US 3938998 A
Low contrast, rapid access, air stable, regenerable iron chelate developer solutions comprising at least two developer materials, at least one selected from each group comprising:
1. iron chelate developers and
2. amidol, gallic acid, tannic acid, and 2,5,di-tert-butyl hydroquinone.
1. A rapid access, low contrast air stable non-fixing developer solution which comprises an iron chelate photographic developer and at least one second developer selected from the group consisting of amidol, gallic acid, tannic acid and 2,5, di-tert-butyl hydroquinone.
2. The developer solution of claim 1 wherein the iron chelate developer is selected from ferrous ethylenediaminetetraacetic acid and ferrous diethylenetriaminepentaacetic acid.

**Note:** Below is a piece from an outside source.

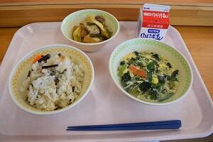 山菜おこわ、かきたま汁、厚揚げの甘辛炒め、牛乳

3. The developer solution of claim 1 wherein the developers are each present in a concentration of at least 0.05 M.
This invention relates to photographic science and in particular to silver halide photographic emulsion development.
Exposure of a silver halide emulsion to radiation to which the emulsion has been sensitized produces a latent image in the silver halide grains of the emulsion. The image is latent because the grains are sensitized to reduction by the formation of minute quantities of free silver in the grains from the exposure. The grains are developed usually by immersion of the exposed photosensitive material in an aqueous reducing solution. The reducing agents conventionally employed include such organic materials as hydroquinone and other materials meeting the criteria of Kendall's Rule or the extension of this rule by Peltz [Mason, Photographic Chemistry, pp. 16-29, Focal Press, 1966, London].

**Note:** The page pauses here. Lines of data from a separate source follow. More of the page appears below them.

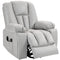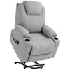 Discover the Rootz TV armchair, your comfortable companion for incomparable relaxation. The chair gently raises 45°, bringing you into an almost upright position - ideal for the elderly or anyone looking to relax. The cinema chair can be adjusted up to 135° so that you can find your favorite position at the push of a button. Treat yourself to a personal massage with eight vibrating points and soothing heat in the lumbar area.Effortless Stand-Up Assistance: The 45° stroke of the TV chair makes it easier to get up, ideal for older or injured people. Enjoy independence and comfort with this thoughtful feature.Customizable Recline: Lean back into a comfortable sleeping position (up to 135°) with footrest. Find your favorite position effortlessly with easy electrical adjustment.Full-Body Massage: Eight-point vibration massage for back, lumbar spine, thighs, and legs with four massage programs. Lumbar heating adds an extra layer of relaxation.Convenient Features: Side pockets and drink holders on the recliner provide space for personal items. Keep everything you need within arm's reach.- Color: Light gray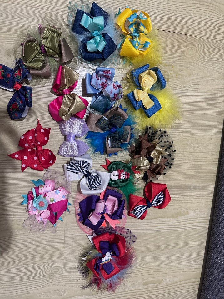 Farklı stillerde çok renkli desenli fiyonk detaylı çocuk tokaları, pop kültürünü seven modaya uygun çocuklar için ideal. —-toplu fiyattır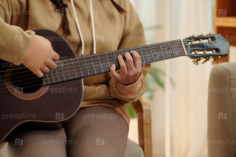 Девушка-подросток играет на гитаре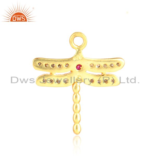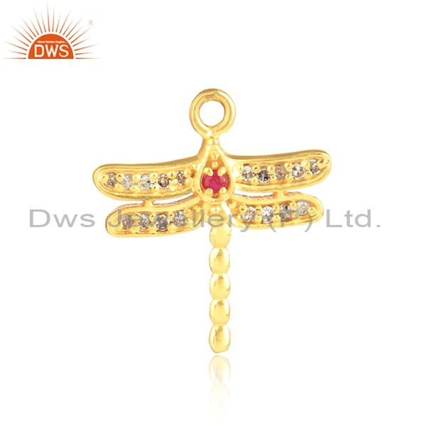 Designer Dragonfly Diamond Charm In Yellow Gold On Silver And Ruby

Historically, the organic reducing agents presently in commercial use were preceded by the use of inorganic metal salt solutions as developers. Ferrous sulfate solutions were among the first used, these being followed by complexed ferrous ion solutions such as ferrous oxalate. Although the complexed ion solutions offered tremendous developing advantages over the simple salt solutions, they nonetheless still suffered from exhaustion because of the antagonistic effect of the presence of the oxidized form of the metal ion (e.g., ferric). Because the reduction of the silver with the consequent oxidation of the metal ion is an equilibrium reaction, the presence of ferric ions greatly reduces the thermodynamic driving force for the reaction. The improvement offered by the complexing species was in the suppression of the oxidized form of the metal ion by formation of the complex. The failure of these complexed type developers, even with the introduction of the superior complexing agents, due to oxidized ion, is generally unavoidable since these oxidized ions may be formed by development or aerial oxidation. In fact, in order to obtain consistent results with such developers, development has been performed under a nitrogen atmosphere so as to exclude oxygen (U.S. Pat. No. 2,453,323). Other techniques have been attempted to obtain consistent results in these metal salt solutions, such as the inclusion of metal powders or granules in the development solution itself, trying to maintain the dissolved metal ions in their lower valence state. Amman-Brass, Beitrag Zur Chemie dir Anorganischen Entwickler, Photo. Ind. 1937, p. 827. These developers have not found favor in the photographic field because the developing solutions are, at their best, still slow acting, requiring at least about 20 minutes for completion of development and sometimes hours. The solutions also tend to produce low contrast images and do not correct for other changes in the composition of the bath due to the development process.
Recent work has been directed towards obtaining more active rapid acting developers. S. Mizusawa - Chiba Daiga Ku Kobabubu Kentyu Hokoku (Research Reports Chiba U. Facility of Engineering), Vol. 19 No. 35 pp. 77-84, March 61 discloses a monobath developer based on the use of ferrous EDTA (ethylenediaminetetraacetic acid) and hypo (Na or NH4 thiosulfate). Although Mizusawa shows the superadditivity of development by the addition of phenidone to this system he nevertheless requires a pH of 11.0 with a development time of 8 minutes or more at 20°C. to obtain average contrasts in the order of 1.0.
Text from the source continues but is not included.